# What is required
The entries below contain pictures. Write out only the lines from the line with "As different sources" up to and including the line with "3.11月19日下午,太阳集", exactly, without them.

# Supplied data
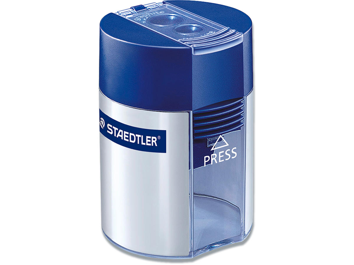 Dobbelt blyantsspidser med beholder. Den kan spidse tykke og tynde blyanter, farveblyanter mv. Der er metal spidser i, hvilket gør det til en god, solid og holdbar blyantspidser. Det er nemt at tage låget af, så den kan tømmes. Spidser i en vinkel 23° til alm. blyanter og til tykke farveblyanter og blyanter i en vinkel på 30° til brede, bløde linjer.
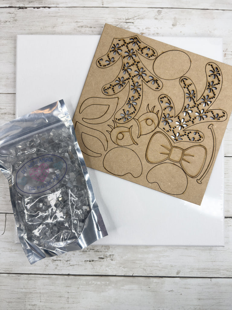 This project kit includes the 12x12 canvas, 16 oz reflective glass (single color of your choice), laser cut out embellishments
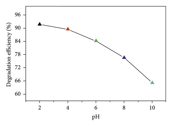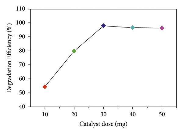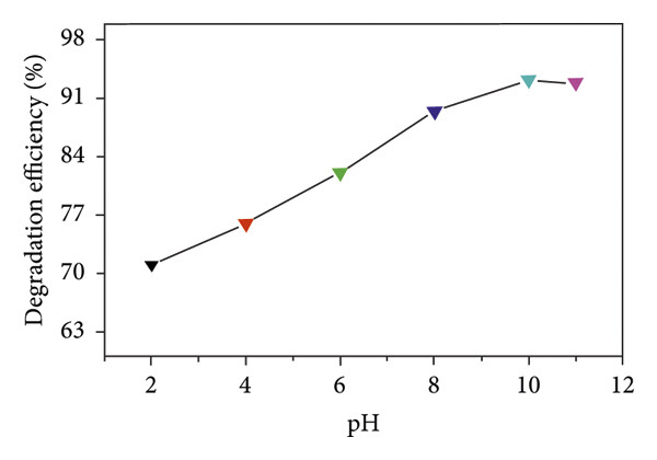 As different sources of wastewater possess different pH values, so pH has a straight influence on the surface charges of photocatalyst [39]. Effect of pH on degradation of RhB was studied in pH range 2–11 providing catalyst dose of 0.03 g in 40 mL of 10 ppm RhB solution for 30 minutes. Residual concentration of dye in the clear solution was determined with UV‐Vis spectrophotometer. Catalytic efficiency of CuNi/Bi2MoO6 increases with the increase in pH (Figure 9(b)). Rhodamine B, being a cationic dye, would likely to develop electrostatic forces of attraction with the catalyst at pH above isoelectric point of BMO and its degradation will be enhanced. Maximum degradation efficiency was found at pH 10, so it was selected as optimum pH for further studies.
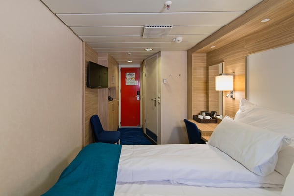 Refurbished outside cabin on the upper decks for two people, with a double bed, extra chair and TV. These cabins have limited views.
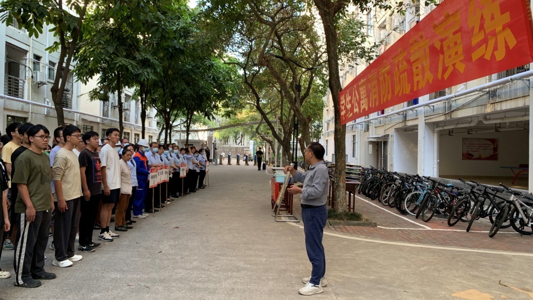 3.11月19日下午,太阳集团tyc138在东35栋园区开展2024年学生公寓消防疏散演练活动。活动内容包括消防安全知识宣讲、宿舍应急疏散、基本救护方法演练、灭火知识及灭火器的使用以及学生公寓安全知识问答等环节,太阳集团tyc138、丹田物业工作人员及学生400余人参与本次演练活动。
--
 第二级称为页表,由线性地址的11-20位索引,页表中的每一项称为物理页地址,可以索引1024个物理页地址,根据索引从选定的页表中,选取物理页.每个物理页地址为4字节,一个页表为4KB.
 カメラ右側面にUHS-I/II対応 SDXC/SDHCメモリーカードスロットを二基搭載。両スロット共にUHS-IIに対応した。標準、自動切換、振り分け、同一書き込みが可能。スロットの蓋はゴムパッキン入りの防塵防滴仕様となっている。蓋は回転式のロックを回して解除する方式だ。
--
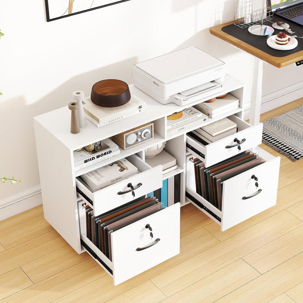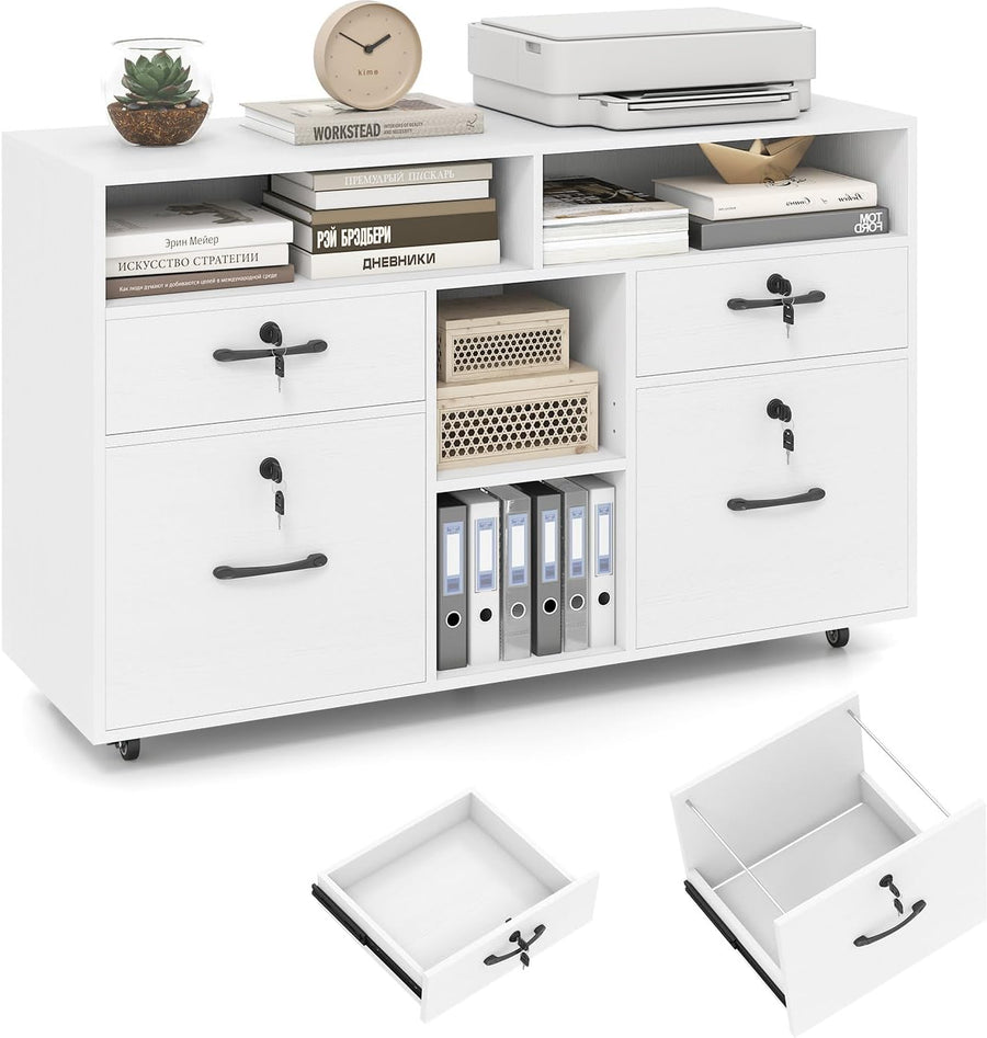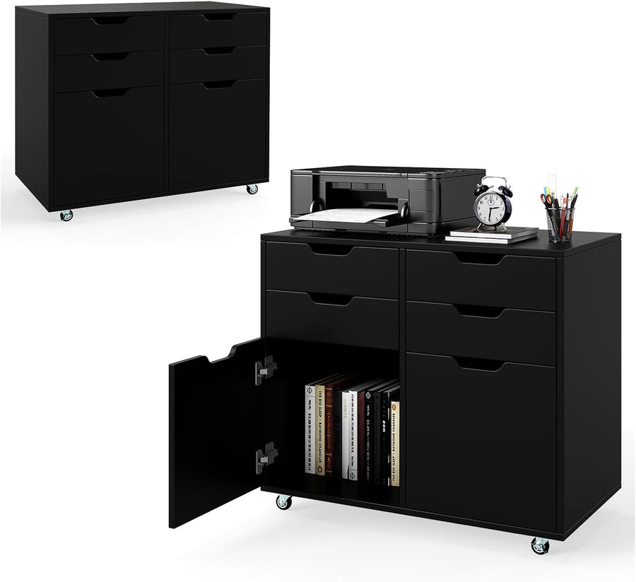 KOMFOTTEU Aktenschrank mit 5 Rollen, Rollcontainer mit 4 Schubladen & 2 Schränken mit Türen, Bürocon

# Response box
 As different sources of wastewater possess different pH values, so pH has a straight influence on the surface charges of photocatalyst [39]. Effect of pH on degradation of RhB was studied in pH range 2–11 providing catalyst dose of 0.03 g in 40 mL of 10 ppm RhB solution for 30 minutes. Residual concentration of dye in the clear solution was determined with UV‐Vis spectrophotometer. Catalytic efficiency of CuNi/Bi2MoO6 increases with the increase in pH (Figure 9(b)). Rhodamine B, being a cationic dye, would likely to develop electrostatic forces of attraction with the catalyst at pH above isoelectric point of BMO and its degradation will be enhanced. Maximum degradation efficiency was found at pH 10, so it was selected as optimum pH for further studies.
 Refurbished outside cabin on the upper decks for two people, with a double bed, extra chair and TV. These cabins have limited views.
 3.11月19日下午,太阳集团tyc138在东35栋园区开展2024年学生公寓消防疏散演练活动。活动内容包括消防安全知识宣讲、宿舍应急疏散、基本救护方法演练、灭火知识及灭火器的使用以及学生公寓安全知识问答等环节,太阳集团tyc138、丹田物业工作人员及学生400余人参与本次演练活动。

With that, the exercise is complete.